_WHAT TO PRODUCE_:
Pictures must not appear in the copy. Restate exactly the lines below from the one with "বলে মনে করব।" through the one with "ヒーターの前に設置したこの猫用の筒の中。考えたな、九。", inclusive.

════════════════

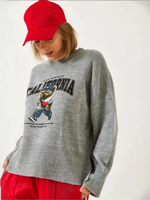 Design: Geribd ceintuurtje, Zijdelingse inkepingen, Overcut schouder; Materiaal: Knitwear; Halstype: Ronde hals; Motief: Motiefprint; Extra's: Fully fashioned, Voelt zacht aan; Pasvorm: Wijde pasvorm; Armlengte: Lange mouw; Lengte: Normale lengte
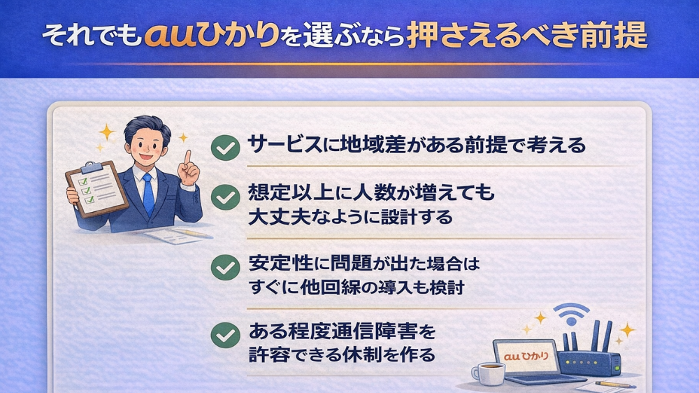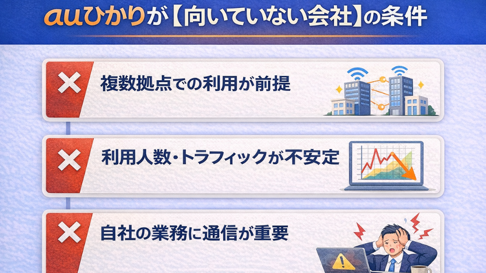 auひかりは、法人向け回線として「万能な選択肢」ではありません。
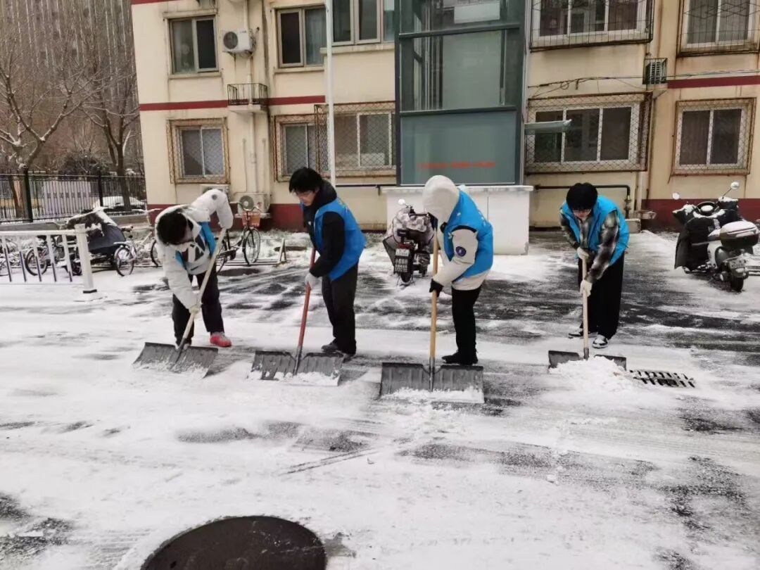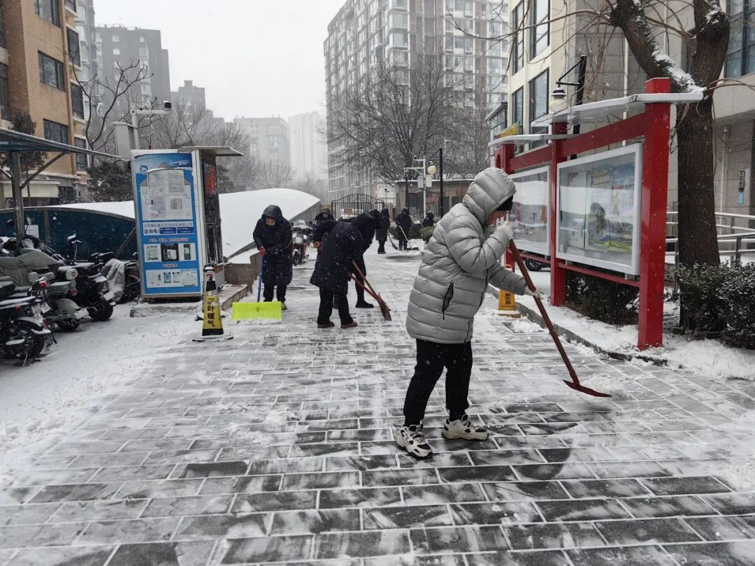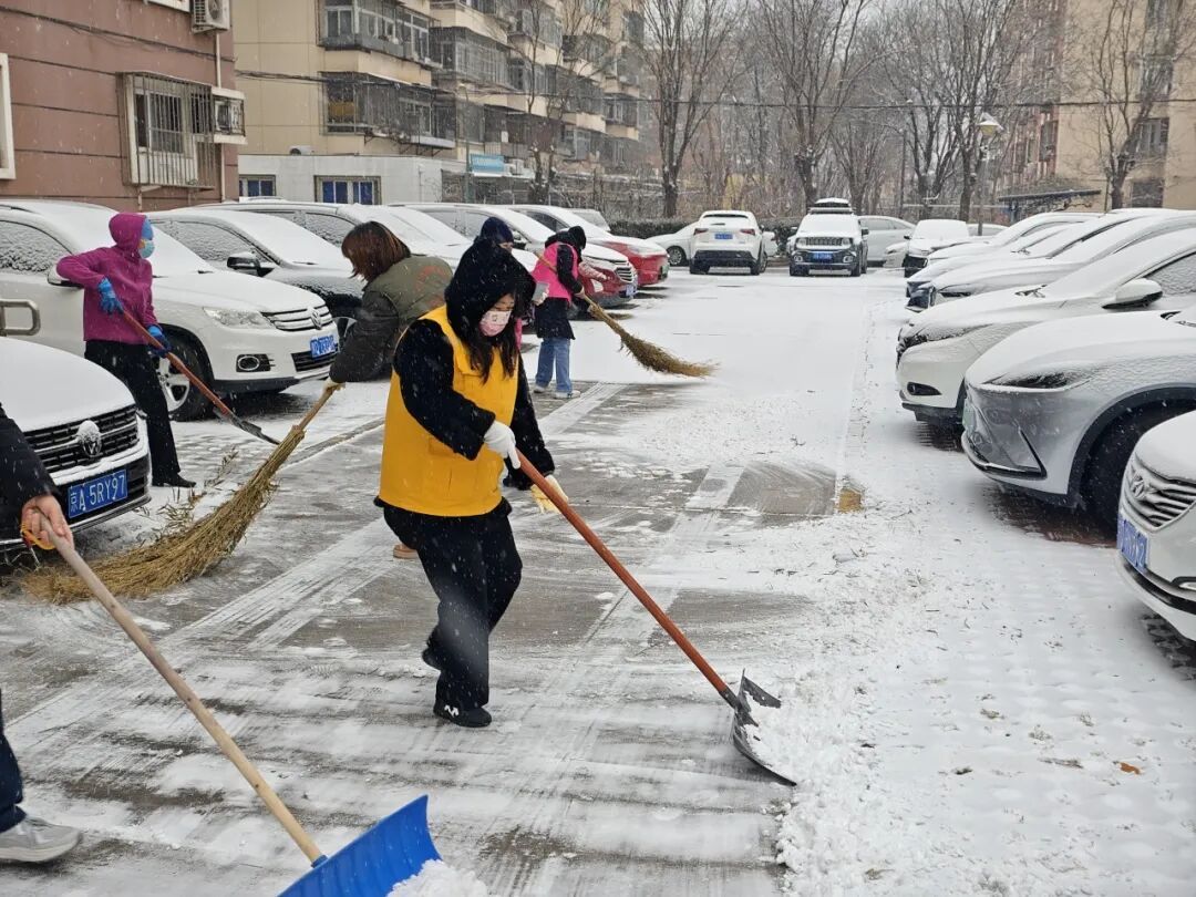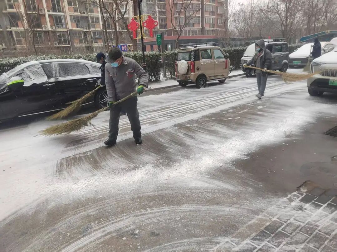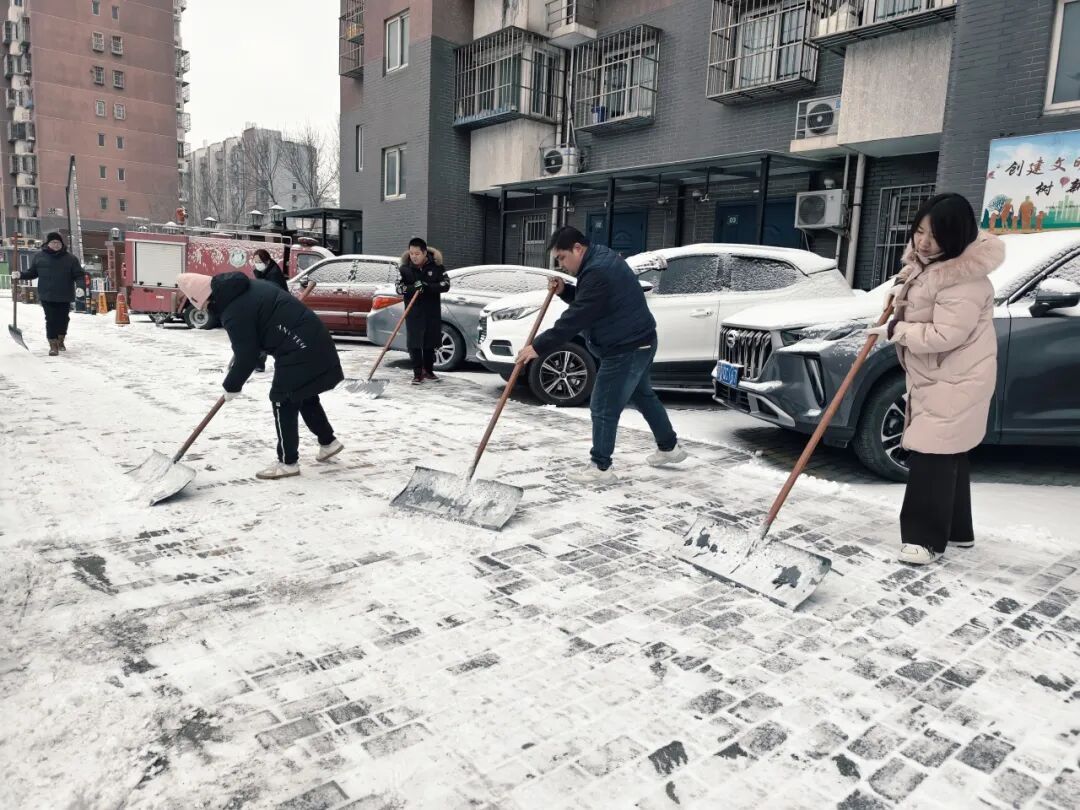 12日中午雪势渐起后,街道迅速启动扫雪铲冰应急预案,凝聚相关科室、社区、物业及辖区志愿者等各方力量,针对主次干道、背街小巷、学校、社区院落及沿街商户门前等公共区域,全力开展清雪行动。
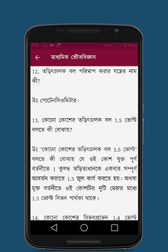 মাধ্যমিক ভৌতবিজ্ঞান (Madhyamik Physical Science) অ্যাপটি পশ্চিমবঙ্গের মাধ্যমিক সিলেবাসে থাকা বিষয়গুলির প্রশ্নোত্তর নিয়ে গঠিত। এই অ্যাপটিতে পাঠ্যসূচির বিভিন্ন বিষয়গুলির খুঁটিনাটি প্রশ্নোত্তর অত্যন্ত যত্নসহকারে পরিবেশন করা হয়েছে। আশা করা যায় মাধ্যমিক ভৌতবিজ্ঞান অ্যাপটি মাধ্যমিক ছাত্র-ছাত্রীদের ভীষণভাবে সাহায্য করবে তাদের আগামী মাধ্যমিক পরীক্ষার ভৌতবিজ্ঞান বিষয়টি প্রস্তুতির জন্য। শুধু মাধ্যমিক পরীক্ষার্থী নয়, মাধ্যমিক ভৌতবিজ্ঞান (Madhyamik Physical Science) অ্যাপটি বিভিন্ন প্রতিযোগিতামূলক পরীক্ষা যেমন- পি এস সি, এস এস সি, ডব্লু বি সি এস, ইউ পি এস সি, সি জি এল, টেট, সি টেট, গ্রুপ সি, গ্রুপ ডি, নেট, সেট, বিভিন্ন স্কুল-কলেজের পরীক্ষা প্রভৃতির প্রস্তুতির জন্য পরীক্ষার্থীদের খুবই কাজে আসবে। সর্বোপরি মাধ্যমিক ভৌতবিজ্ঞান (Madhyamik Physical Science) অ্যাপটি এর ব্যবহারকারীদের উপকারে এলে আমাদের পরিশ্রম সার্থক হয়েছে বলে মনে করব।
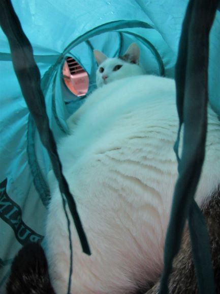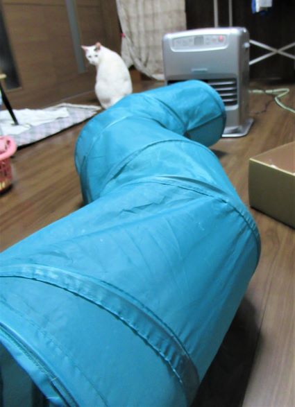 ヒーターの前に設置したこの猫用の筒の中。考えたな、九。
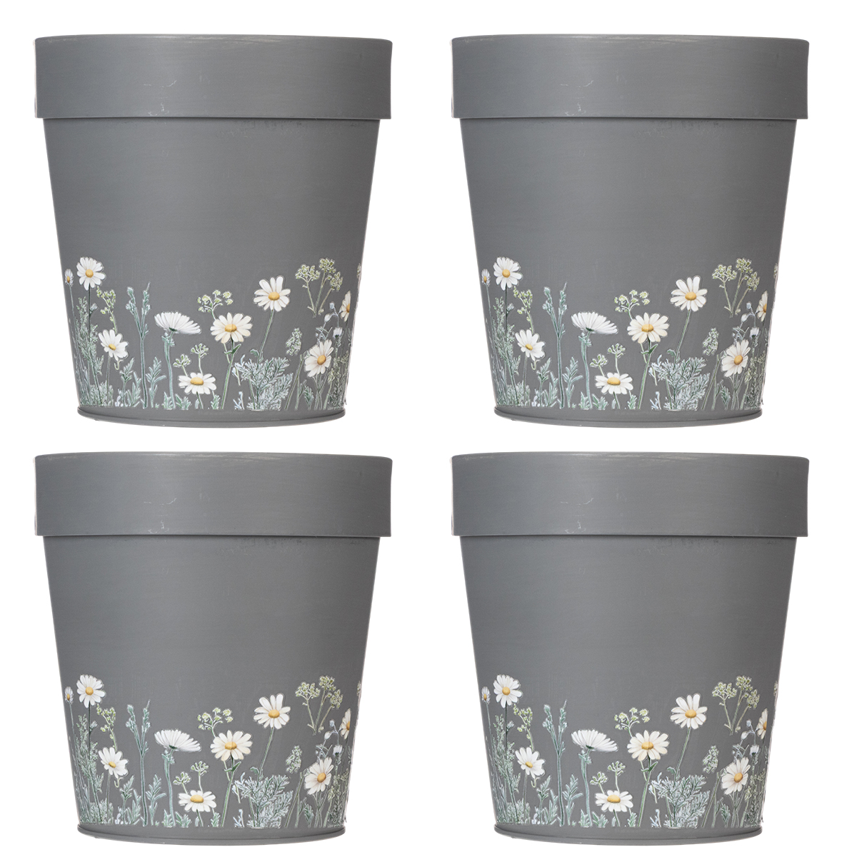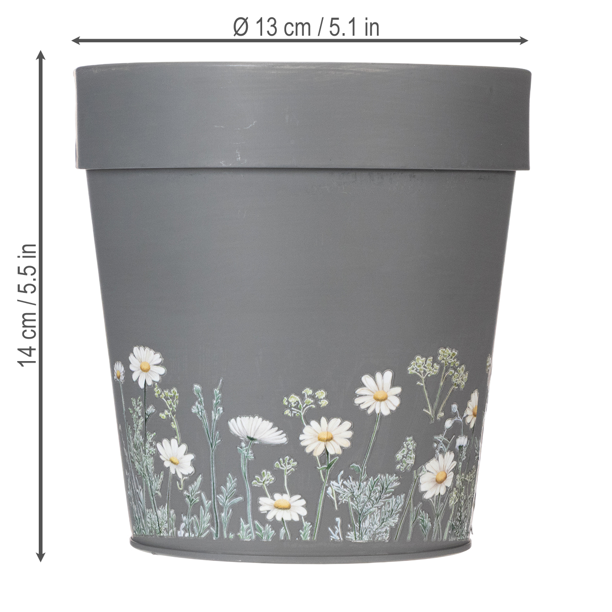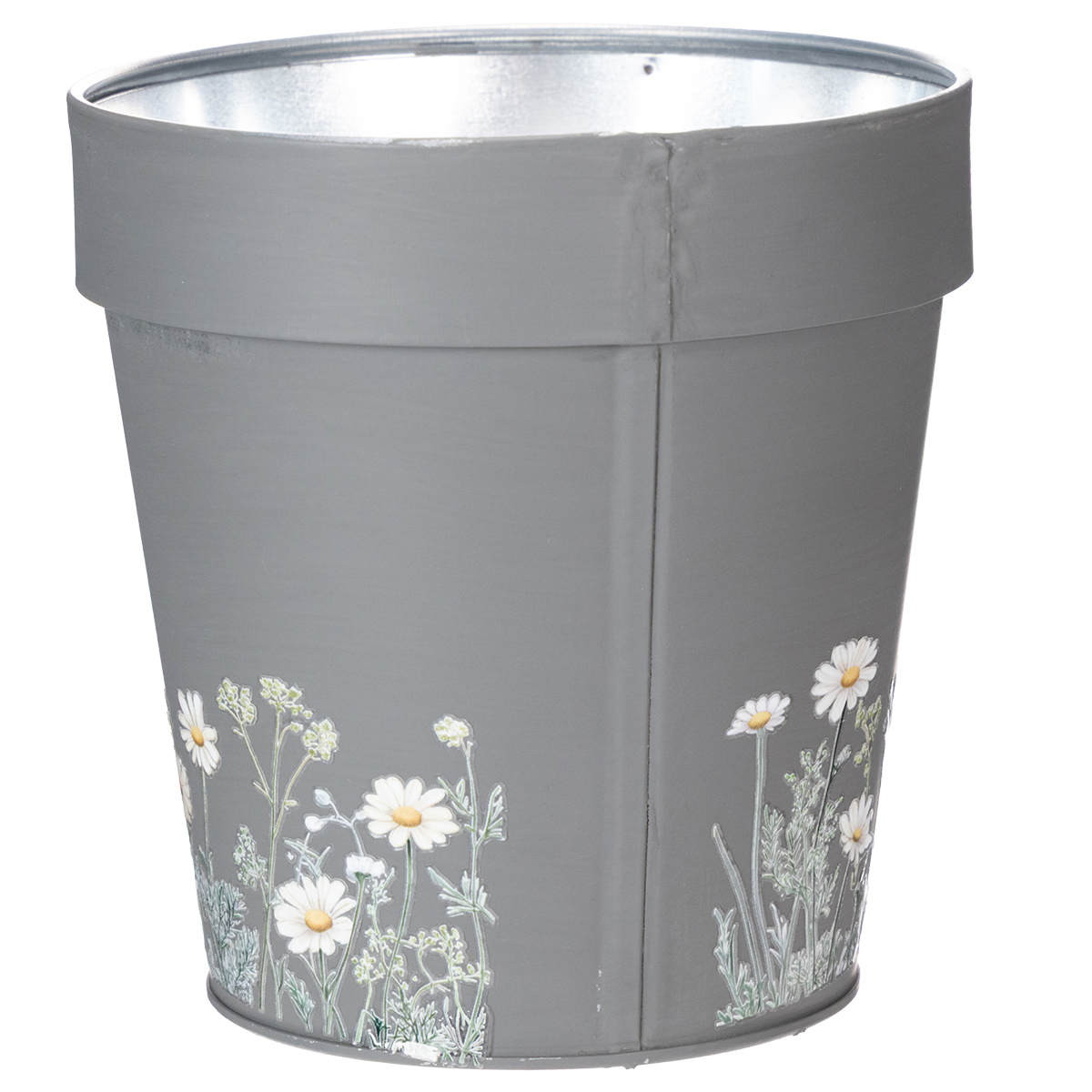 El diseño floral de esta elegante maceta gris aporta un toque limpio y moderno a cualquier ambiente. Inspirada en el diseño de interiores escandinavo, esta maceta impresiona por su maravillosa combinación de simplicidad y atención al detalle. Los encantadores estampados florales son atemporales y crean una atmósfera armoniosa con su interior. Fabricada en metal robusto y ligero, la maceta es duradera; sin embargo, no se garantiza su total resistencia a la oxidación si se utiliza en exteriores o en contacto con el agua.

════════════════

_FINISHED TASK_:
 মাধ্যমিক ভৌতবিজ্ঞান (Madhyamik Physical Science) অ্যাপটি পশ্চিমবঙ্গের মাধ্যমিক সিলেবাসে থাকা বিষয়গুলির প্রশ্নোত্তর নিয়ে গঠিত। এই অ্যাপটিতে পাঠ্যসূচির বিভিন্ন বিষয়গুলির খুঁটিনাটি প্রশ্নোত্তর অত্যন্ত যত্নসহকারে পরিবেশন করা হয়েছে। আশা করা যায় মাধ্যমিক ভৌতবিজ্ঞান অ্যাপটি মাধ্যমিক ছাত্র-ছাত্রীদের ভীষণভাবে সাহায্য করবে তাদের আগামী মাধ্যমিক পরীক্ষার ভৌতবিজ্ঞান বিষয়টি প্রস্তুতির জন্য। শুধু মাধ্যমিক পরীক্ষার্থী নয়, মাধ্যমিক ভৌতবিজ্ঞান (Madhyamik Physical Science) অ্যাপটি বিভিন্ন প্রতিযোগিতামূলক পরীক্ষা যেমন- পি এস সি, এস এস সি, ডব্লু বি সি এস, ইউ পি এস সি, সি জি এল, টেট, সি টেট, গ্রুপ সি, গ্রুপ ডি, নেট, সেট, বিভিন্ন স্কুল-কলেজের পরীক্ষা প্রভৃতির প্রস্তুতির জন্য পরীক্ষার্থীদের খুবই কাজে আসবে। সর্বোপরি মাধ্যমিক ভৌতবিজ্ঞান (Madhyamik Physical Science) অ্যাপটি এর ব্যবহারকারীদের উপকারে এলে আমাদের পরিশ্রম সার্থক হয়েছে বলে মনে করব।
 ヒーターの前に設置したこの猫用の筒の中。考えたな、九。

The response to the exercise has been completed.